> **Task instructions**:
Report every line below that carries the word "included".

[Dataset entries]
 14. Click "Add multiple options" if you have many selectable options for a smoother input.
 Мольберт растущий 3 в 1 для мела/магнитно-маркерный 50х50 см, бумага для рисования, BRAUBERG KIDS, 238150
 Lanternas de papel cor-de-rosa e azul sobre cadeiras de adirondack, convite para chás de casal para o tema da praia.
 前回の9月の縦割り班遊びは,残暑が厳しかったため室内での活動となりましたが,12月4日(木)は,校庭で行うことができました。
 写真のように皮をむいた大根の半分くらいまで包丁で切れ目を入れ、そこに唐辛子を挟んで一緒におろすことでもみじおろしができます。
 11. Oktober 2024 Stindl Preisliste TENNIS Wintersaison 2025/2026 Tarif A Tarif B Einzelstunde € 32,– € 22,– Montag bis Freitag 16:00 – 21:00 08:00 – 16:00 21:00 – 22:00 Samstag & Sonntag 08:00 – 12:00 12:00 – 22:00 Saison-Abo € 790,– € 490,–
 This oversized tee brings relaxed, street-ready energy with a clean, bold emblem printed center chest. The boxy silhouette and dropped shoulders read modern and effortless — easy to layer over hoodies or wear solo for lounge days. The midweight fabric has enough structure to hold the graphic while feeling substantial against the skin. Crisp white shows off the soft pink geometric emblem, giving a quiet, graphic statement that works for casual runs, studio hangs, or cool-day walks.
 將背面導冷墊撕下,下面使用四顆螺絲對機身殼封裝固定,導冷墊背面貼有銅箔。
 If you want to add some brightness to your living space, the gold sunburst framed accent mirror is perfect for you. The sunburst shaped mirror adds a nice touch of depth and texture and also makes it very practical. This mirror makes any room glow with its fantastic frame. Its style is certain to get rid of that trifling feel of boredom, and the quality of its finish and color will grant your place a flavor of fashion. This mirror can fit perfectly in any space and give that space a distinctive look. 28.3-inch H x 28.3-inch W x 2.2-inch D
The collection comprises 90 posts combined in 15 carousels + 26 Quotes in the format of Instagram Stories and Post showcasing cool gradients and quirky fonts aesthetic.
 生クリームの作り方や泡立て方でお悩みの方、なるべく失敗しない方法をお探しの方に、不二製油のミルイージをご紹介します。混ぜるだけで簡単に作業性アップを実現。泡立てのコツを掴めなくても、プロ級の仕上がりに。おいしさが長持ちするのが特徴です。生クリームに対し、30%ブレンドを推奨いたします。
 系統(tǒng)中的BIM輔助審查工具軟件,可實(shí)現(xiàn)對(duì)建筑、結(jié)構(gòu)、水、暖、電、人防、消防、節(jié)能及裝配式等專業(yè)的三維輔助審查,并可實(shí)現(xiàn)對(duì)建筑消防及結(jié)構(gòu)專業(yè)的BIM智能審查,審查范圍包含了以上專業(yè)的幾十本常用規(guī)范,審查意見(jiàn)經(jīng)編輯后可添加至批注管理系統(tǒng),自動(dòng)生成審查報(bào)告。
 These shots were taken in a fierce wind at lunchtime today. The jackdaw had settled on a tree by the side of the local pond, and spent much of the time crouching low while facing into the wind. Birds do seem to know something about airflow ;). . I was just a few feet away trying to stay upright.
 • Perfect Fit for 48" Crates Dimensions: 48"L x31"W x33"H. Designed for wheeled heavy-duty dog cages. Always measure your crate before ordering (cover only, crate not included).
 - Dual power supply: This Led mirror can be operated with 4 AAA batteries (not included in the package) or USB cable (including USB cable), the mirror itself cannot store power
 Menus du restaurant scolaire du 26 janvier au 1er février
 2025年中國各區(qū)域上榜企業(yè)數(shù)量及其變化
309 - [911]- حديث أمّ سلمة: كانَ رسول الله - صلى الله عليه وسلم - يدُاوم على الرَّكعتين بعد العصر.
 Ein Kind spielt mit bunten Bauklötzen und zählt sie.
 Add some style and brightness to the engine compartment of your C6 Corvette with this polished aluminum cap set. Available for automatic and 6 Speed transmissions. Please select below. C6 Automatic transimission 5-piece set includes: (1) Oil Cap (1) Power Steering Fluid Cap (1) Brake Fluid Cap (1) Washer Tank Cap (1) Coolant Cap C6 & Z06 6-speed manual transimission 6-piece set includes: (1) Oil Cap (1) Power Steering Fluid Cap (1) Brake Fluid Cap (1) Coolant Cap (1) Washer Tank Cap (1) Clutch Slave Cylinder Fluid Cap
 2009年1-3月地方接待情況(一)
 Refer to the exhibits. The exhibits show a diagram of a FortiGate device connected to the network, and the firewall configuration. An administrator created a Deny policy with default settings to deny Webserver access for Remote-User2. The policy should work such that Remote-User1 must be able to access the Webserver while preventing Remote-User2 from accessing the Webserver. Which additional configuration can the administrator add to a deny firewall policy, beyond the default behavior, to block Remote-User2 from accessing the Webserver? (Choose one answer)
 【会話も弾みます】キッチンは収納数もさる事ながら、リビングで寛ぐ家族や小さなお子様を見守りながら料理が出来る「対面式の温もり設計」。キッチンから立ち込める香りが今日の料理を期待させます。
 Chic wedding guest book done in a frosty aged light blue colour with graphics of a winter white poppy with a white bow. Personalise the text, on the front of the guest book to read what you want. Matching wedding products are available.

> **Reply**:
 • Perfect Fit for 48" Crates Dimensions: 48"L x31"W x33"H. Designed for wheeled heavy-duty dog cages. Always measure your crate before ordering (cover only, crate not included).
 - Dual power supply: This Led mirror can be operated with 4 AAA batteries (not included in the package) or USB cable (including USB cable), the mirror itself cannot store power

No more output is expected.